Red Hat Bugzilla – Bug 670607
RFE: Make baseline alert condition definitions less confusing
Last modified: 2011-09-30 19:26:31 EDT
Description of problem:
Creating an alert definition which is to fire when a set percentage of a baseline is met does not seem to get evaluated and therefore the alert condition is never met (no alert is fired).
Version-Release number of selected component (if applicable):
3.0.0 (JON 2.4.0 GA)
Steps to Reproduce:
1. Navigate to RHQ Server's RHQDS resource
2. Set "Active Connections" (Monitor -> Schedules) to 1 minute interval
3. Create new Alert Definition (Alert -> Definition) "New Definition"
* Name: High connection percentage
* Description: Current active database connections exceeds the specified threshold percentage.
* Expression: All
* If Condition: Active Connections
* is Greater than 0 % of Max Value
No alert is fired even though Active Connections is 1 and max connections is 1 (100%) (Alert -> History)
Alert should be fired every minute and be seen on Alert -> History page as "High connection percentage"
In the test case, the baseline for RHQDS shows 1 active connection with a max active connections of 1 (min and avg active connections are also 1). In this case, the alert criteria of <Current Active Connections> is > 0% of Max Active Connections (i.e. 1/1 = 1 * 100 = 100% > 0% = true) but this condition doesn't ever seem to be evaluated as I do not see any indication in the debug log output as I do with absolute criteria.
I retested using 10% instead of 0% (to ensure that it was not the 0% causing the issue) and the problem still exists. This does not appear to be an issue with the actual value of the percentage.

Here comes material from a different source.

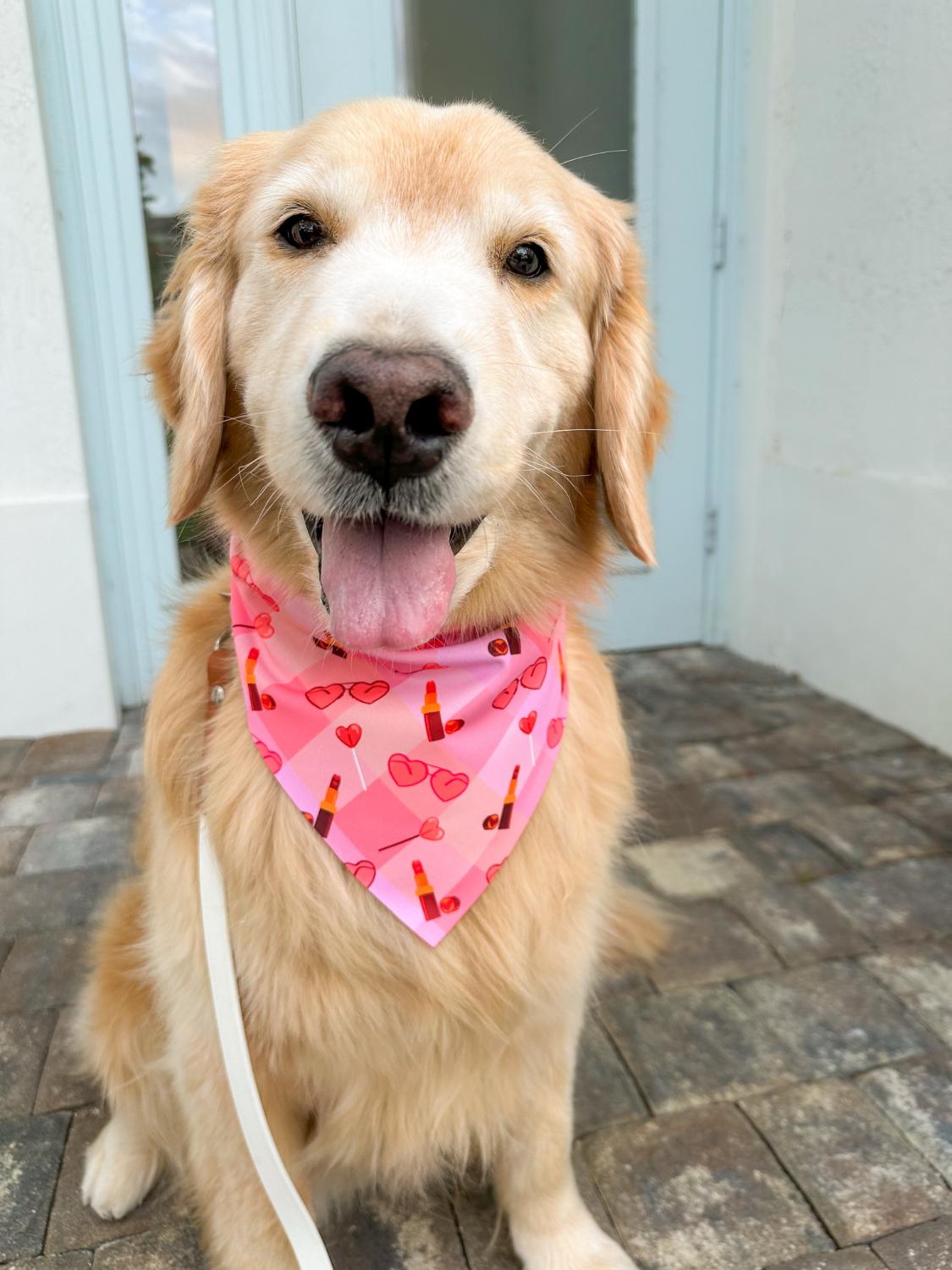 Heart glasses, lollipops, and lipstick on a fun gingham backdrop will have your pup ready to slay Galentines or Valentines. One side is the deep red and the other the bright blush pink. We love the girl bossy vibe.

This has to do with the UI being confusing. I was experiencing the same behavior and did some investigation. It turns out that this is the normal behavior if you don't have a baseline set for the metric in question. In that case the alert condition is not even evaluated, it's basically invalid until a baseline exists.
There are a couple of things that make this confusing:
1) We allow a user to specify the condition to begin with. It's fair that we do
because it could be a template, or just intentional. But perhaps we could do
something more here.
2) It's easy to miss that this condition relates to baseline values.
Min/Average/Max really means BaselineMin/BaselineAverage/BaselineMax. It's
confusing because the Tables subtab shows Min/Average/Max and a user may
think those are the values being tested against. They aren't, those are just
calculated values for the Date Range being applied to the table.
3) It's not very easy to actually see if a Baseline is set (or when it may get
set if it isn't already). And as a doc-note, baseline generation is currently
only covered in the FAQ.
One more technical note, it's not clear to me that if this type of condition exists, and the baseline is generated, that the agent condition cache gets refreshed in any timely manner to ensure that the new baseline value is picked up. We need to understand what happens in this scenario.
I'm changing the title of this to be an RFE for RHQ4's GUI.